▸ **MATERIAL PROVIDED**
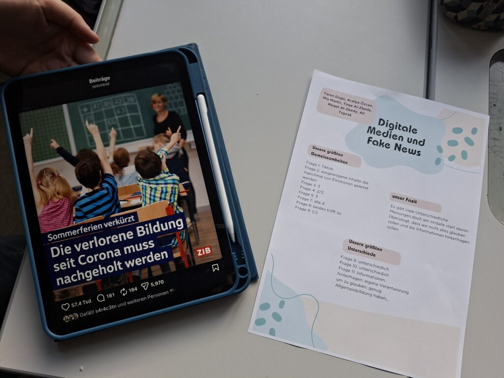 Besonders spannend: Die Schüler:innen erstellten eigene Fake News und präsentierten diese anschließend ihren Mitschüler:innen. So wurde nicht nur theoretisches Wissen vermittelt, sondern auch die Fähigkeit zur kritischen Medienanalyse gestärkt.
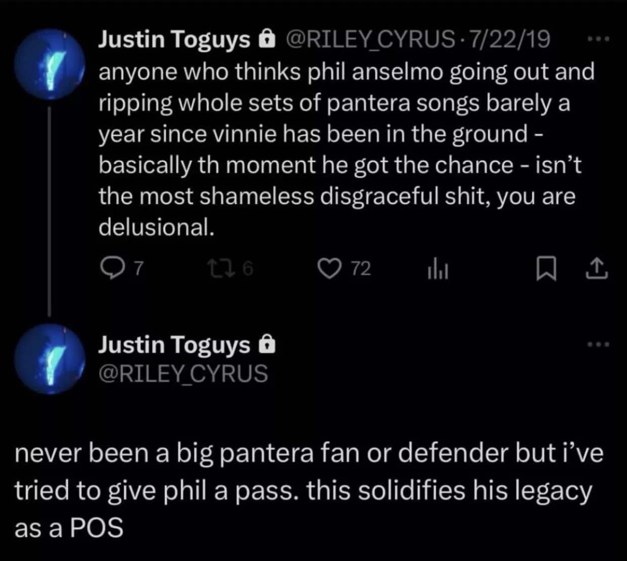 I just can't get on board with this, Dimebag and Riley would be pissed, Phil should be shunned for the n*zi salute shit
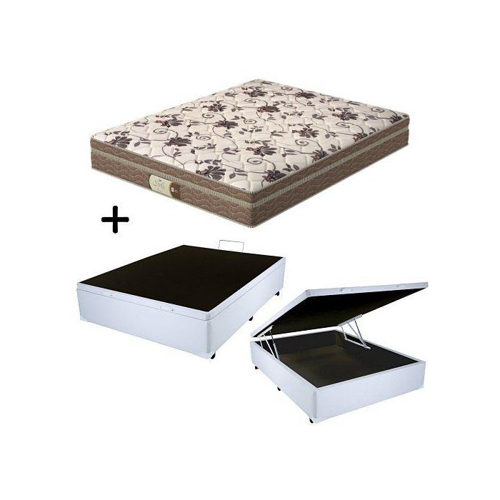 Cama Box C/ Baú Casal + Colchão Mola Ensacada Probel Style Pillow Euro Casal
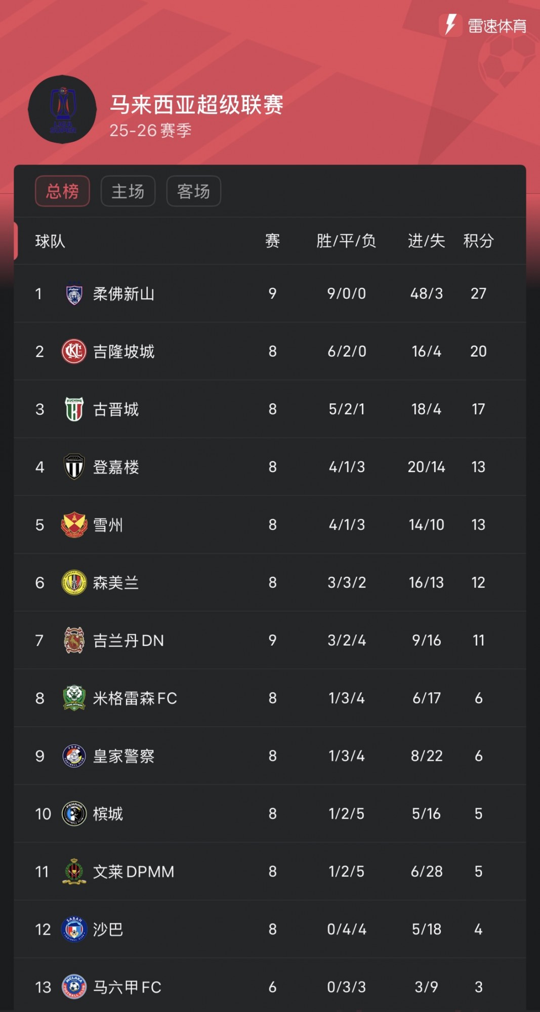 作为马来超的班霸,柔佛在本赛季9轮联赛事中取得全胜,攻入48球,仅丢3球,场均进球数超过5个。

▸ **WHAT YOU NEED TO DO**
The line containing "I just can't" and every line after it, up to the last line of the data, should be returned exactly, without the pictures.

▸ **EXERCISE OUTPUT**
 I just can't get on board with this, Dimebag and Riley would be pissed, Phil should be shunned for the n*zi salute shit
 Cama Box C/ Baú Casal + Colchão Mola Ensacada Probel Style Pillow Euro Casal
 作为马来超的班霸,柔佛在本赛季9轮联赛事中取得全胜,攻入48球,仅丢3球,场均进球数超过5个。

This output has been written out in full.